What the exercise asks: Output all of the data exactly, keeping any images out of the copy.

Task inputs:
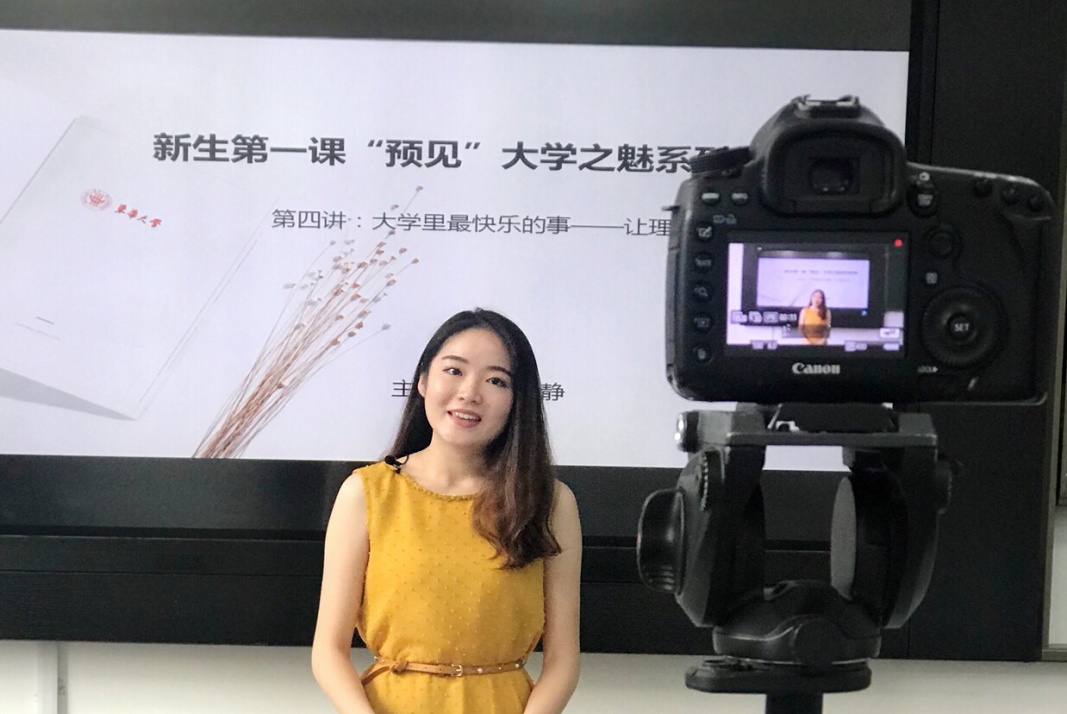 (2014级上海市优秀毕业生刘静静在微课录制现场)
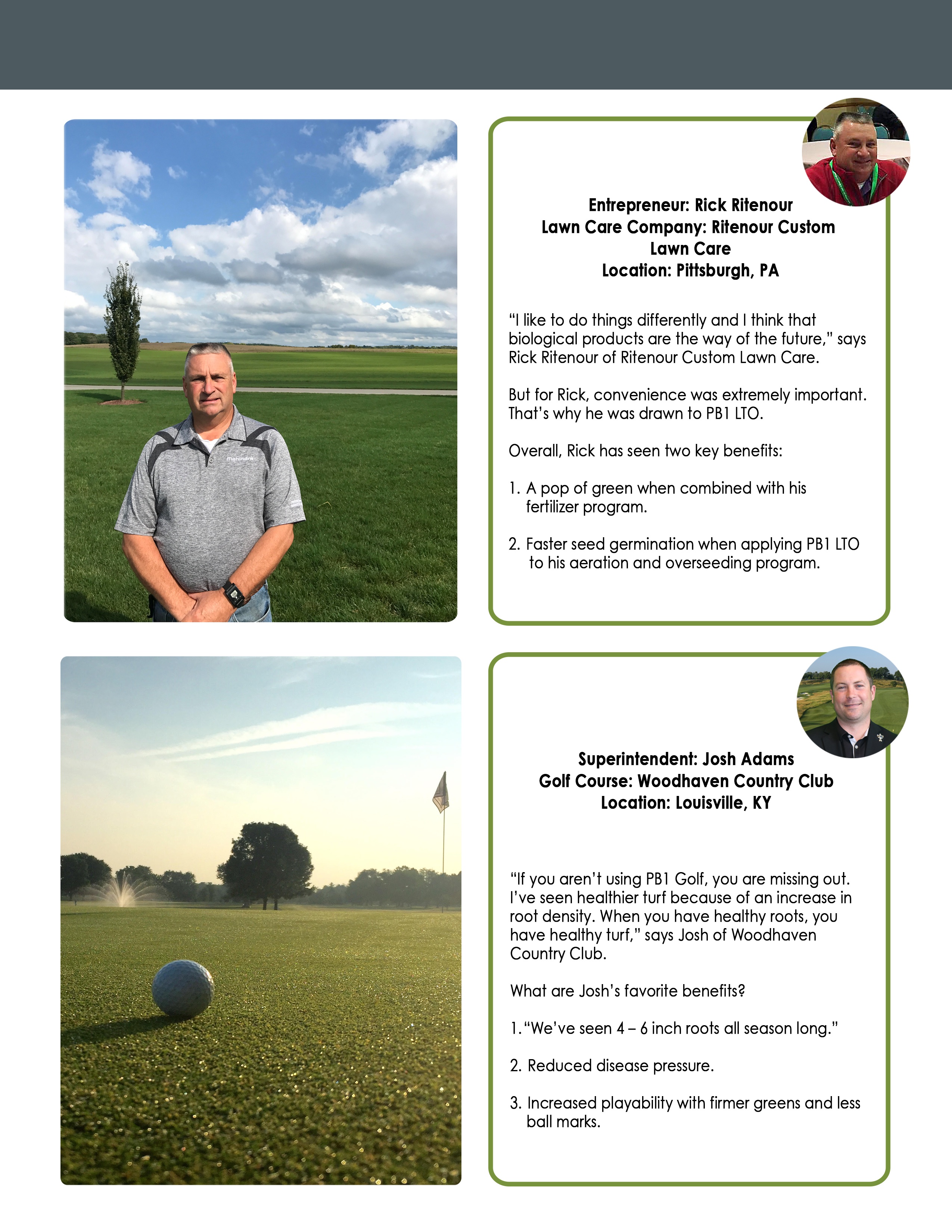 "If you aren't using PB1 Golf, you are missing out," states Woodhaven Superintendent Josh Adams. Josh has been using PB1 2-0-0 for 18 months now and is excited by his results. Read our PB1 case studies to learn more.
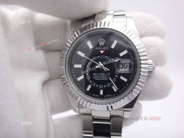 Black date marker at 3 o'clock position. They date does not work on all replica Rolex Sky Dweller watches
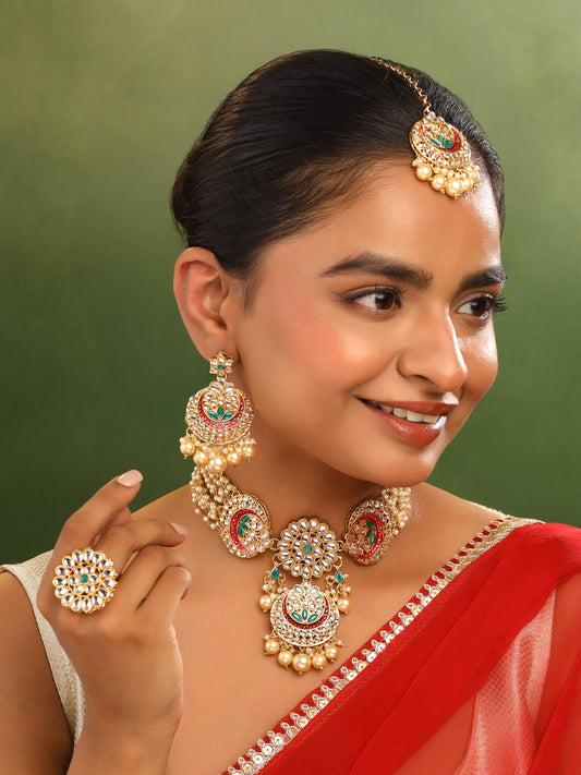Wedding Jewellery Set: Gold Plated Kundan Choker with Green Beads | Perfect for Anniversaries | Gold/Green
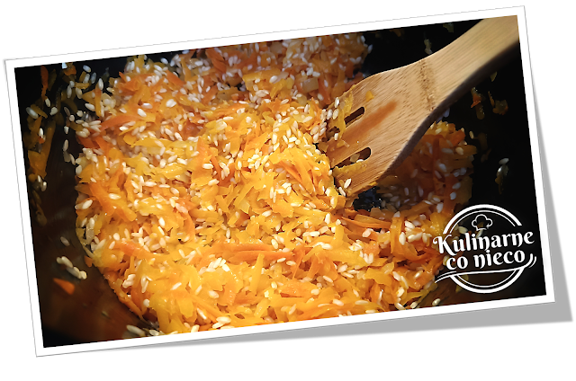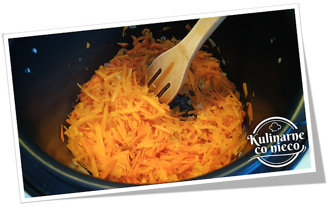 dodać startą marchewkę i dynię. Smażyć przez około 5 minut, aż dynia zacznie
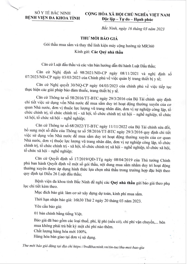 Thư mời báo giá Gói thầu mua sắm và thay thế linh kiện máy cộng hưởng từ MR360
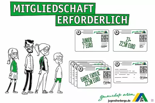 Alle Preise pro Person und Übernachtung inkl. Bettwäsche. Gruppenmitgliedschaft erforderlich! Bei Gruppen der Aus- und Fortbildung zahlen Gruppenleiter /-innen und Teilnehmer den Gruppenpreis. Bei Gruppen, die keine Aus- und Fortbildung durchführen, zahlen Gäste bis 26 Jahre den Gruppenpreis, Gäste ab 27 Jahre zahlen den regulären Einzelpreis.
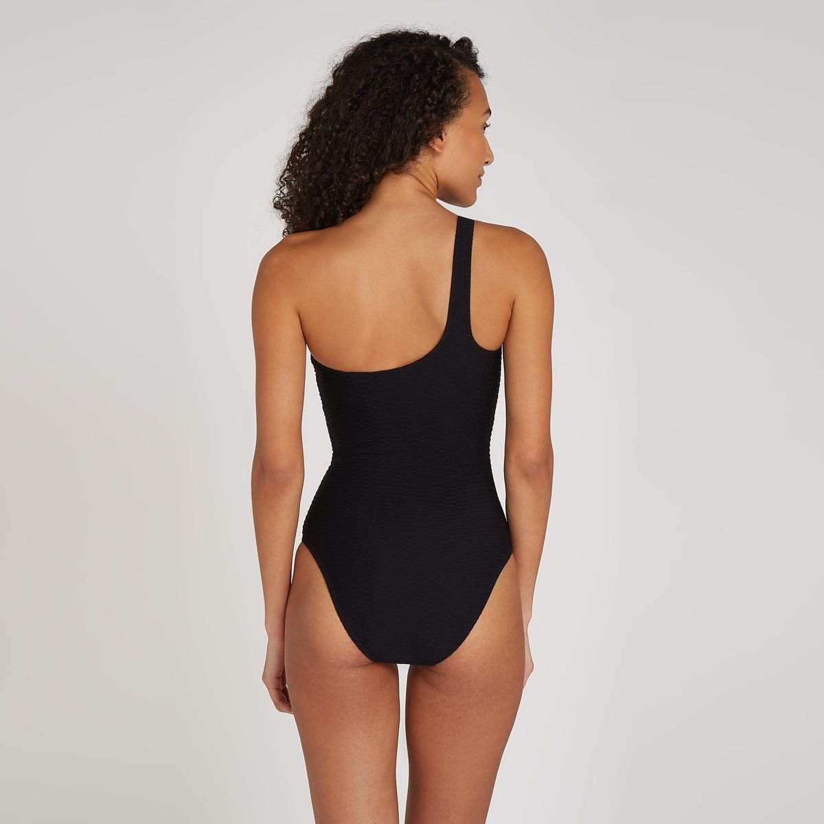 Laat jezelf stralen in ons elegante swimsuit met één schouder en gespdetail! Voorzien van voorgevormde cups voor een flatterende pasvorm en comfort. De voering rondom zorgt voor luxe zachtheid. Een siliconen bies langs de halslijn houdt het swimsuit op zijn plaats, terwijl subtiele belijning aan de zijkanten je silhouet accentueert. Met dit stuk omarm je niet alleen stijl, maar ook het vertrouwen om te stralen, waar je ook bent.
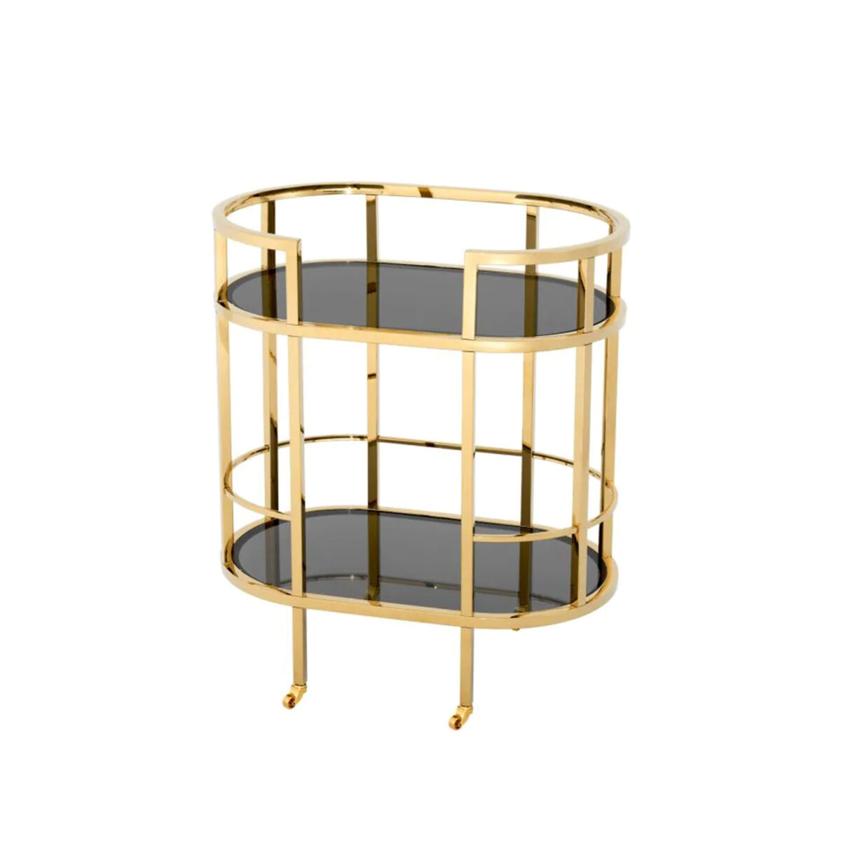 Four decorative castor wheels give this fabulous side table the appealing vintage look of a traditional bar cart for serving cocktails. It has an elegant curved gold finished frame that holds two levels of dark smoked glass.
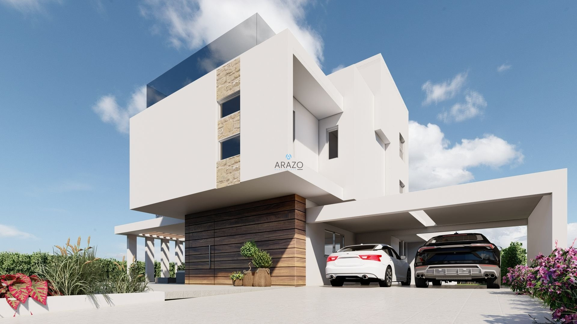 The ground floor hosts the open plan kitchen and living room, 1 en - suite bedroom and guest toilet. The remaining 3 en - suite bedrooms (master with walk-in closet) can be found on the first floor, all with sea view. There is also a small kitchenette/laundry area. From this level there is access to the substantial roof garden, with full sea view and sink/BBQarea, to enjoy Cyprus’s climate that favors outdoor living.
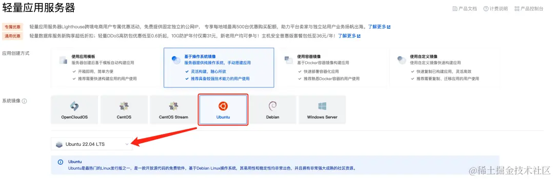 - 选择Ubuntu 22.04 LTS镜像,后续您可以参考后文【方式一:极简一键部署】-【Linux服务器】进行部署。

Answer space:
 (2014级上海市优秀毕业生刘静静在微课录制现场)
 "If you aren't using PB1 Golf, you are missing out," states Woodhaven Superintendent Josh Adams. Josh has been using PB1 2-0-0 for 18 months now and is excited by his results. Read our PB1 case studies to learn more.
 Black date marker at 3 o'clock position. They date does not work on all replica Rolex Sky Dweller watches
Wedding Jewellery Set: Gold Plated Kundan Choker with Green Beads | Perfect for Anniversaries | Gold/Green
 dodać startą marchewkę i dynię. Smażyć przez około 5 minut, aż dynia zacznie
 Thư mời báo giá Gói thầu mua sắm và thay thế linh kiện máy cộng hưởng từ MR360
 Alle Preise pro Person und Übernachtung inkl. Bettwäsche. Gruppenmitgliedschaft erforderlich! Bei Gruppen der Aus- und Fortbildung zahlen Gruppenleiter /-innen und Teilnehmer den Gruppenpreis. Bei Gruppen, die keine Aus- und Fortbildung durchführen, zahlen Gäste bis 26 Jahre den Gruppenpreis, Gäste ab 27 Jahre zahlen den regulären Einzelpreis.
 Laat jezelf stralen in ons elegante swimsuit met één schouder en gespdetail! Voorzien van voorgevormde cups voor een flatterende pasvorm en comfort. De voering rondom zorgt voor luxe zachtheid. Een siliconen bies langs de halslijn houdt het swimsuit op zijn plaats, terwijl subtiele belijning aan de zijkanten je silhouet accentueert. Met dit stuk omarm je niet alleen stijl, maar ook het vertrouwen om te stralen, waar je ook bent.
 Four decorative castor wheels give this fabulous side table the appealing vintage look of a traditional bar cart for serving cocktails. It has an elegant curved gold finished frame that holds two levels of dark smoked glass.
 The ground floor hosts the open plan kitchen and living room, 1 en - suite bedroom and guest toilet. The remaining 3 en - suite bedrooms (master with walk-in closet) can be found on the first floor, all with sea view. There is also a small kitchenette/laundry area. From this level there is access to the substantial roof garden, with full sea view and sink/BBQarea, to enjoy Cyprus’s climate that favors outdoor living.
 - 选择Ubuntu 22.04 LTS镜像,后续您可以参考后文【方式一:极简一键部署】-【Linux服务器】进行部署。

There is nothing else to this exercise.